DPQP: A D-representation-based Pipelined Factorized Query Processor for Graph Database Management Systems

Feng, Xiyang

DPQP: A D-representation-based Pipelined Factorized Query Processor for Graph Database Management Systems

Files

Feng_Xiyang.pdf (1.27 MB)

Date

2021-12-17

Authors

Feng, Xiyang

Advisor

Salihoglu, Semih

Publisher

University of Waterloo

Abstract

Factorized databases utilize factorized data representations during query processing to obtain more compact final query results and faster runtimes for queries with many-to-many joins. We revisit this technique in the context of graph database management systems (GDBMSs) whose common workloads are large joins with many-to-many relationships on graph-structured data. We first review the theory of factorized databases and classic flat intermediate tuple structure in traditional pipelined GDBMSs.

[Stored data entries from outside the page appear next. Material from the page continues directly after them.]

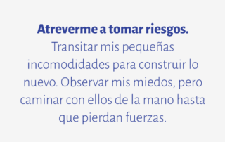 Atreverme a tomar riesgos. Transitar mis pequeñas incomodidades para construir lo nuevo. Observar mis miedos, pero caminar con ellos de la mano hasta que pierdan fuerzas.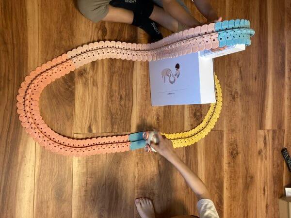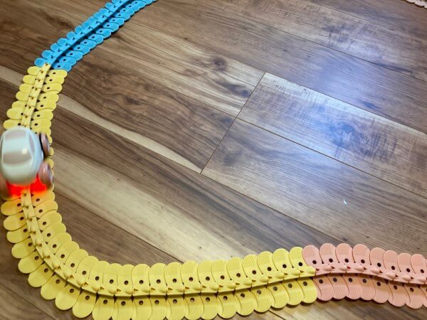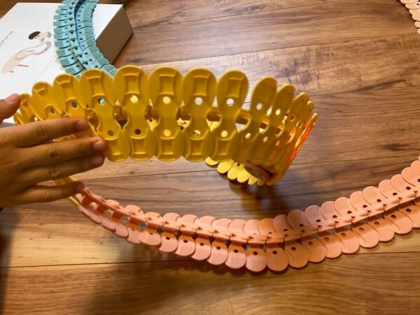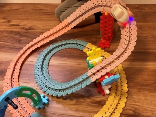 見事くるっと回転して進みました!「すごいすごい!」と息子も大興奮。車の重みがあるので、しっかり土台を作るか手でコースを押さえておくのがポイントです。
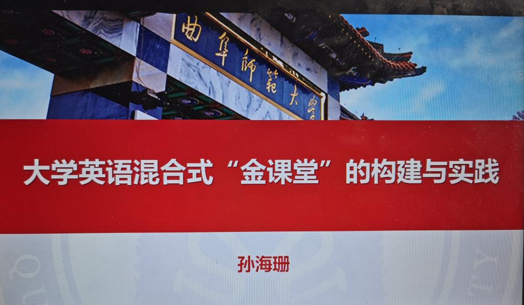 孙海珊结合自身教学比赛的实战经验,以《大学英语混合式“金课堂”的构建与实践》为主题,系统阐释了“金课堂”建设的基本原则,着力强调优化课程顶层设计,引领多维育人目标互动协同,合理整合教学素材,关照多维能力融合发展,精心规划教学过程,落实多维能力全过程培养。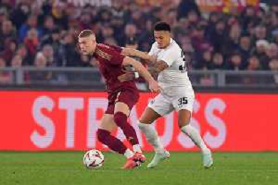 Roma vs Eintracht Francoforte Europa League - 8 Giornata Stadio Olimpico - Roma 30-01-2025 nella foto Angelino e Kristensen ©Federico Gaetano - AGENZIA ALDO LIVERANI SAS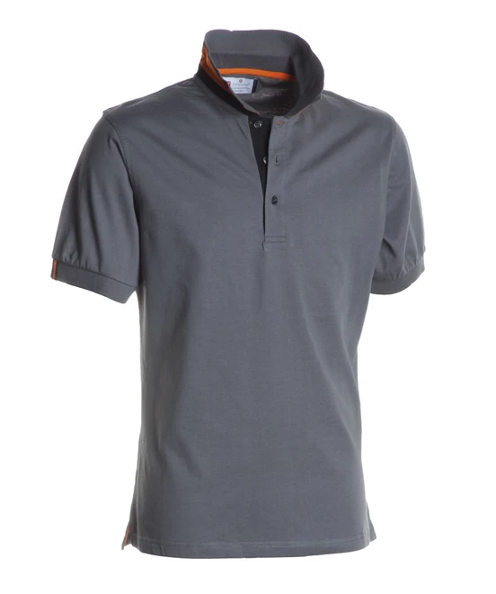 Krátký rukáv, zapínání na 3 knoflíčky (tón v tónu), na límci kontrastní pruh, vnitřní knoflíková léga a boční rozparky v kontrastní barvě, na pravém rukávu svislý úzký proužek v kontrastní barvě, žebrované manžety, výztužná páska za krkem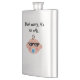 The product is a good size and came exactly as it was pictured. The lid is not attached to the flask, which could be dangerous on drunken nights... The print came out surprisingly well and looks very sharp. Would definitely recommend.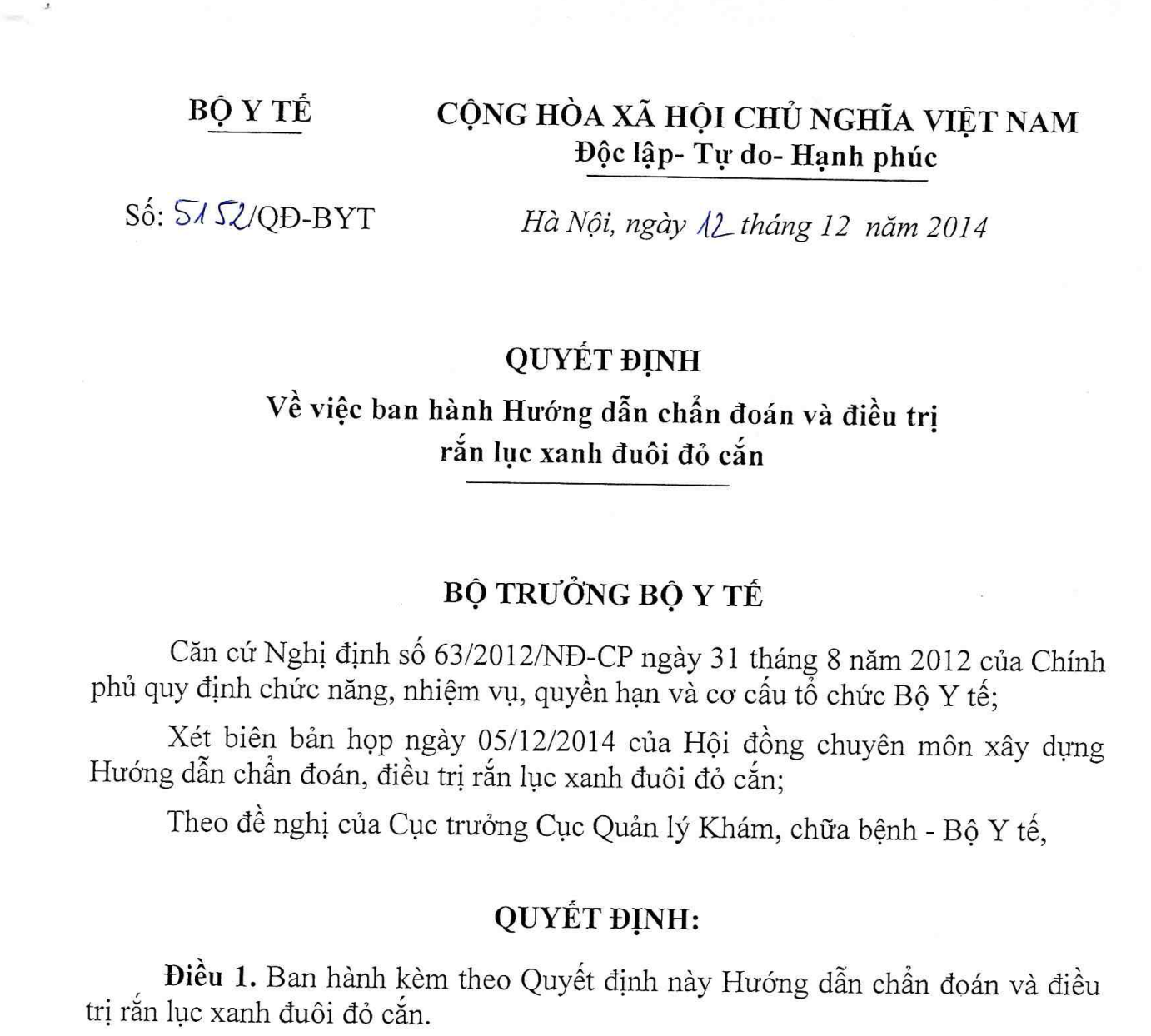 Xét biên bản họp ngày 05/12/2014 của Hội đồng chuyên môn xây dựng Hướng dẫn chẩn đoán, điều trị rắn lục xanh đuôi đỏ cắn;

We then present our tuple representation which mimics factorized representations and can be easily integrated into existing query processors. We further describe how to cache sub-query results with this factorized tuple structure through a static dependency analysis of the query. We have integrated our factorized query processor into GraphflowDB, an in-memory GDBMS. Compared to the original version of GraphflowDB, whose processor is not fully factorized, query plans in our processor can be orders of magnitude faster and produce orders of magnitude smaller result sizes.